29 Dec Ones to Watch: Kevin and Val Pourier
Contemporary self-taught Oglala Lakota artists, Kevin and Val Pourier, a husband-and-wife team, explore their connection to their cultural heritage through the revival of working in traditional carved buffalo horn, inlaid with semi-precious minerals. Including modern buffalo horn spoons and ladles, along with bracelets, earrings, necklaces and eyewear, the Pouriers rely not only on their own personal inspiration, but have done extensive research into the historical significance of the buffalo horn.
Their work can be seen in many museum collections, including the National Museum of the American Indian, Smithsonian Institute, Washington, D.C.; Heritage Center Collections, Red Cloud Indian School, Pine Ridge, South Dakota; the Royal Museum of Scotland, Edinburgh, Scotland; the Denver Museum of Natural History, Denver, Colorado; The Carnegie Museum, Pittsburgh, Pennsylvania; The Nelson-Atkins Museum, Kansas City, Missouri; Montclair Art Museum, Montclair, New Jersey; Nerman Museum of Contemporary Art, Johnson County Community College, Overland Park, Kansas; Hood Museum of Art, Dartmouth College, Hanover, New Hampshire; Charles M. Russell Museum, Great Falls, Montana.

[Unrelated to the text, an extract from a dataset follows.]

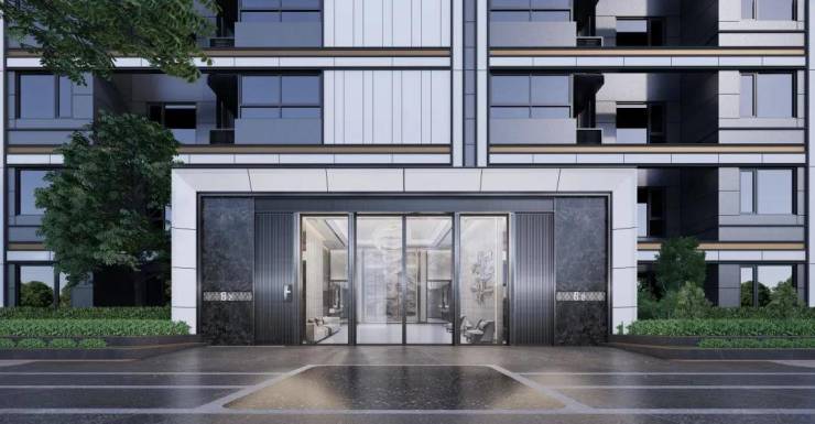 楼盘外立面:建筑外立面,实现千年古韵与现代立面美学结合,材质采用了世界塔尖奢宅标配的铝板和钻感玻璃,珍珠蓝搭配局部驼色点缀。

The Pouriers have also garnered a number of prestigious awards at shows including the Heard Museum Show; Santa Fe Indian Market; and the Cherokee Heritage Museum, Trail of Tears Art Show.
Fellowships include the Archibald Bush Foundation Artist Fellowship; the Smithsonian’s National Museum of the American Indian Visiting Artist Fellowship; and the Southwest Association for Indian Arts Fellowship Award.
Their work is represented by Morning Star Gallery, Santa Fe, New Mexico.